─── DATA PROVIDED

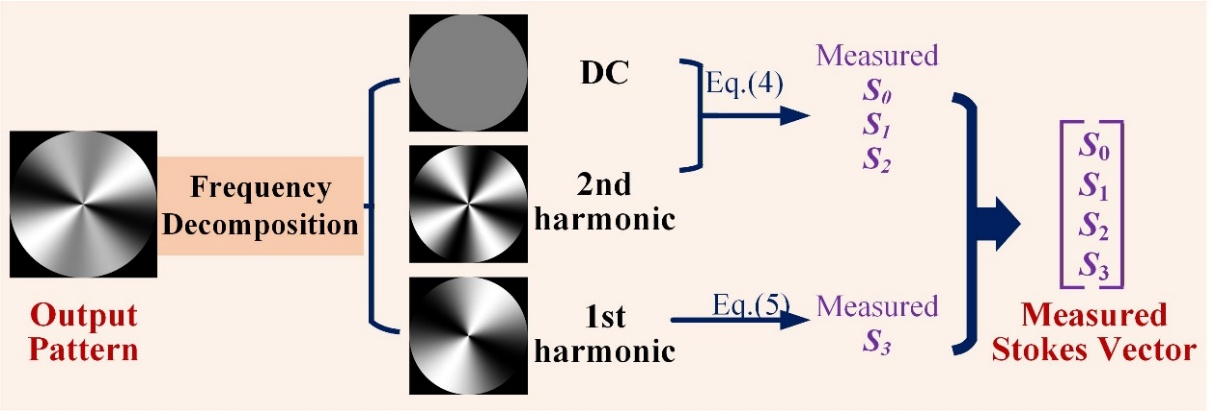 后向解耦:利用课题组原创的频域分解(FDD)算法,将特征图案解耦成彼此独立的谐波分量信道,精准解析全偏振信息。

──────
─── DATA PROVIDED

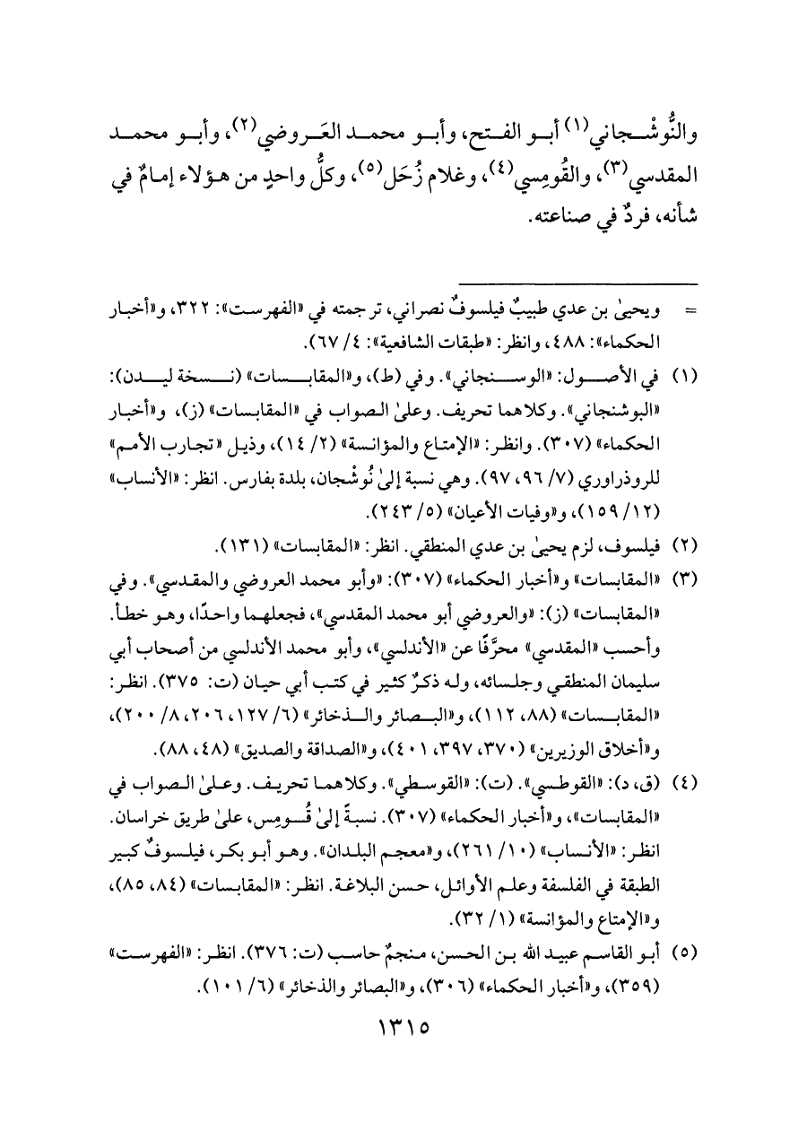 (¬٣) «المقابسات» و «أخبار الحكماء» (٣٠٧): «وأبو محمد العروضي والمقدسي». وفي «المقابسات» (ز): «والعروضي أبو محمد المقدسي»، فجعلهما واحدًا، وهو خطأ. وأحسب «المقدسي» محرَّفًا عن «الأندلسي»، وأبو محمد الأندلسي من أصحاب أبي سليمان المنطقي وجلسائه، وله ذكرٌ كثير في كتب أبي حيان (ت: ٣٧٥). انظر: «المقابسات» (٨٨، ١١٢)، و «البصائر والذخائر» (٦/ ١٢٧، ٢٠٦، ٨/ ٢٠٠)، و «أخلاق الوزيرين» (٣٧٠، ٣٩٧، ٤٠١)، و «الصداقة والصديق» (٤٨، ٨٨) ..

──────
─── DATA PROVIDED

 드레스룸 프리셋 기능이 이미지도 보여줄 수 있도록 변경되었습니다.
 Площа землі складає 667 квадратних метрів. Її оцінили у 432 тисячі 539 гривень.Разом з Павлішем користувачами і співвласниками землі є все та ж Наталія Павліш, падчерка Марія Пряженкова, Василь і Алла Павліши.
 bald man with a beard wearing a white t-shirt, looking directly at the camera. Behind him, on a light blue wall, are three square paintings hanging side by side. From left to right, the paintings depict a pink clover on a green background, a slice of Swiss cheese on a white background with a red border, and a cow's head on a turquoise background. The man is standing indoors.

──────

### TASK TO CARRY OUT
Output the lines of the records above exactly as they appear, from the line containing "Площа землі складає" through the line containing "bald man with".

### SOLUTION FOR THIS EXERCISE
 Площа землі складає 667 квадратних метрів. Її оцінили у 432 тисячі 539 гривень.Разом з Павлішем користувачами і співвласниками землі є все та ж Наталія Павліш, падчерка Марія Пряженкова, Василь і Алла Павліши.
 bald man with a beard wearing a white t-shirt, looking directly at the camera. Behind him, on a light blue wall, are three square paintings hanging side by side. From left to right, the paintings depict a pink clover on a green background, a slice of Swiss cheese on a white background with a red border, and a cow's head on a turquoise background. The man is standing indoors.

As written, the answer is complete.